How-to: Improve Apache HBase Performance via Data Serialization with Apache Avro – Cloudera Engineering Blog
Taking a thoughtful approach to data serialization can achieve significant performance improvements for HBase deployments.
The question of using tall versus wide tables in Apache HBase is a commonly discussed design pattern (see reference here and here). However, there are more considerations here than making that simple choice. Because HBase stores each column of a table as an independent row in the underlying HFiles, significant storage overhead can occur when storing small pieces of information. For example, in storing a simple Boolean column, there can be 35 (or more) bytes stored to disk (depending on the key size, column family, and so on).

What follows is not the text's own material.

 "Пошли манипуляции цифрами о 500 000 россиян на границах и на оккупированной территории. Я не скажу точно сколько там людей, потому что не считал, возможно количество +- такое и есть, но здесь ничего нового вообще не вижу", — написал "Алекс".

This overhead can become quite significant for overall I/O and network utilization, especially if multiple columns are read and written together within a transaction.

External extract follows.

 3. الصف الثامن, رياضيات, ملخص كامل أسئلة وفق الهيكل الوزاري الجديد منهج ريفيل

A simple solution is to serialize data that is accessed together: that is, serialize multiple columns and store the serialized data in a single HBase column. In this post, I’ll describe an implementation of this concept by Cloudera’s HBase team and the comparative performance improvements it achieved based on testing.
First, let’s consider serialization. To be as efficient as possible in our implementation, we used Apache Avro to serialize the data. Avro uses schemas, which must be presented when reading and writing data. This approach permits each datum to be written with no per-value overheads, making serialization both fast and small. (For more information about using Avro, see “Avro Usage” in the CDH documentation.)